Todd Nelson (born May 15, 1969) is a Canadian ice hockey coach and former professional player. He is currently serving as the head coach of the Hershey Bears of the American Hockey League (AHL). He played 3 games in the National Hockey League with the Pittsburgh Penguins and Washington Capitals between 1991 and 1994. The rest of his playing career, which lasted from 1990 to 2002, was mainly spent in the minor leagues.

Playing career
Originally drafted by the Pittsburgh Penguins in the 1989 NHL Entry Draft, Nelson played primarily in the minors and played just one game for the Penguins. Signed as a free agent by the Washington Capitals, he helped guide the Capitals' minor league affiliate Portland Pirates to the Calder Cup in 1994. He was inducted into the Pirates Hall of Fame in 2007. Nelson played in just two games for the Washington Capitals, and played in the minors until his retirement in 2002.

Coaching career
Following his professional hockey career, Nelson moved into coaching. He was first the assistant coach/player coach for the Muskegon Fury of the UHL for the 2001–02 season. He was then an assistant coach for the Grand Rapids Griffins of the AHL for the 2002–03 season before returning as head coach of the Muskegon Fury from 2003 to 2006. The Fury won the Colonial Cup his first two years as their coach. He moved on to be the assistant coach for the Chicago Wolves of the AHL from 2006 to 2008, who won the Calder Cup in his final season as an assistant.
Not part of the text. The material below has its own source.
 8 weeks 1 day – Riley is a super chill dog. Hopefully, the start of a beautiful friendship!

On July 25, 2008, he accepted an assistant coaching position with the Atlanta Thrashers of the NHL.

On July 15, 2010, he was introduced as the first head coach of the AHL's Oklahoma City Barons, affiliate of the NHL's Edmonton Oilers.
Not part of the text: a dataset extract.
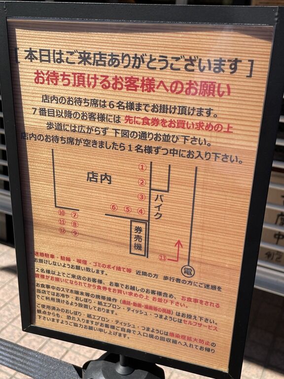 後客いっぱいあっという間に客席・中待ち席共に満席、外待ち発生。写真は撮れませんでしたが、壁面には「番町製麺」のTシャツがディスプレイ。

After the firing of Dallas Eakins on December 15, 2014, Nelson was promoted to head coach of the Oilers on an interim basis for the remainder of the 2014–15 NHL season.  He was replaced as head coach by Todd McLellan on May 19, 2015.
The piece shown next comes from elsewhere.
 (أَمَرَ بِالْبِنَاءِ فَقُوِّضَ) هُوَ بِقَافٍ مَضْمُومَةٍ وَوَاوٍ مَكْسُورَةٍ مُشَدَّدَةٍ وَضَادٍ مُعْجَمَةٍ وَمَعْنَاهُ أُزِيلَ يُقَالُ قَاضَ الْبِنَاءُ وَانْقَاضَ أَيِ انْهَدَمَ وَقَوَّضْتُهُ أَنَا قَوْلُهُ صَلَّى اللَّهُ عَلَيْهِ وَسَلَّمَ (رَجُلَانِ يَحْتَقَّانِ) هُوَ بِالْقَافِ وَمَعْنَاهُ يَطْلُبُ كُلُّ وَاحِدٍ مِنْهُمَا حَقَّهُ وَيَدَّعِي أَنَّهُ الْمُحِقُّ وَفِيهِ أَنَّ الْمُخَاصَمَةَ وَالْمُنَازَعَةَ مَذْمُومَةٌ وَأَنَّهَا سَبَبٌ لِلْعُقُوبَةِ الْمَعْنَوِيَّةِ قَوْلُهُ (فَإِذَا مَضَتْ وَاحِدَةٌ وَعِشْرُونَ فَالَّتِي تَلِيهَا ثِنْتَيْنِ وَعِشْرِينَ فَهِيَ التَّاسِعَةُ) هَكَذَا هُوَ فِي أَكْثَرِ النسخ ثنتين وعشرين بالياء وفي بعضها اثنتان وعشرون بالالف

On June 16, 2015, Nelson was named the head coach of the Grand Rapids Griffins of the American Hockey League (AHL). Nelson became the third person ever to win the Calder Cup as a player (1994), assistant coach (2008), and head coach (2017), joining Bob Woods and Mike Stothers.

On May 31, 2018, Nelson left the Griffins to become an assistant coach with the Dallas Stars in the NHL until his resignation on May 20, 2022.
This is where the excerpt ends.